Autant dire qu'on n'en mène pas large. Des 4x4 balèzes débarquent en effet, avec plus de Bassijis, plus de Hezbollahis, des armes pas très loin, des bises au barbu suprême lorsqu'il s'extirpe de son carrosse, et pas mal de regards très, très lourds dans notre direction.
Mon photographe de cousin a posé ses appareils bien en vue, loin de lui, et admire la scène avec curiosité et excitation : un ayatollah!!!! Un vrai!!!
Pour ma part, je reste couché sur notre tapis, et grignote ce que notre guide nous a cuisiné. Je prends un air détaché. Je sens la tension du moment. Et elle est importante. Tous ces types ne rigolent pas. Pas du tout. A une dizaine de mètres de là où je mange, un ayatollah mange et professe. Et entre nous, posé négligemment à côté de moi, mon petit appareil photo, bien moins repérable que les gros réflex de mon cousin. Alors en parlant, en prenant le plus bel air de rien qu'on vît jamais, j'allume l'appareil, je ne vise pas, je pointe, j'appuie, j'éteins, et je reprends une bouchée de pain. Roland m'a vu, il s'en tient les côtes.
Quelles seraient les conséquences, si ces peu riants personnages m'avaient vu? Impossible à dire. Vu nos passeports, vu le contexte, cela pourrait aller de la nuit au poste à la disparition. On dit toujours qu'il ne faut jamais photographier les militaires. Alors les ayatollahs...
Mais surtout, pourquoi diable ai-je pris cette photo? Qu'est-ce qui m'est passé par la tête? Regardez le cliché, il ne vaut pas grand-chose. J'aurais mieux fait d'aller demander au barbu de poser carrément. Je ne sais pas. J'ai vu le moment où les tensions s'étaient calmées, où nous n'étions plus que des points d'interrogations sans grande importance, où personne ne me regardait, et où... C'était faisable.

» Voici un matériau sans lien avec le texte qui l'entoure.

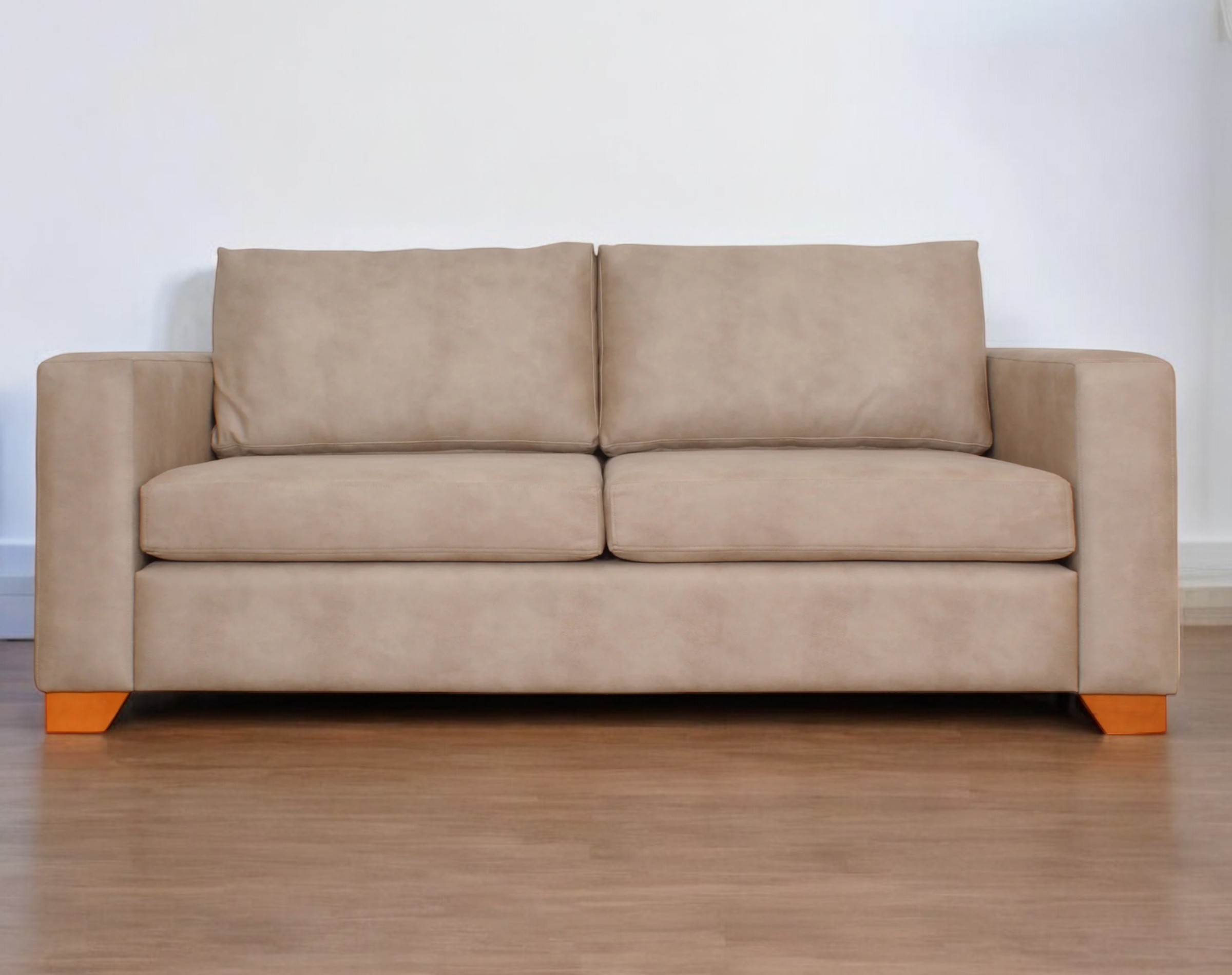 Sofá Thomas 2 divisiones con tapiz Cuero Bonded 30% y pata de madera 7 cm. Un sofá sobrio y compacto que combina estilo y comodidad en cualquier espacio.

Je l'ai prise, et je suis passé à autre chose.
Je n'ai jamais regretté, même si je sais que j'aurais pu avoir à le regretter très amèrement...
Note artistique : 2/10. Les couleurs ne sont pas vilaines.
Composition : 1/10. Cadrage plat, personnages indistincts.
Valeur géopolitique : 5/10. Oui, c'est un ayatollah, mais lequel, bon sang?
Valeur journalistique : 3/10. Et encore, c'est bien payé.
Valeur sentimentale : 10/10. Clic-clac, je t'ai eu, ayatollah!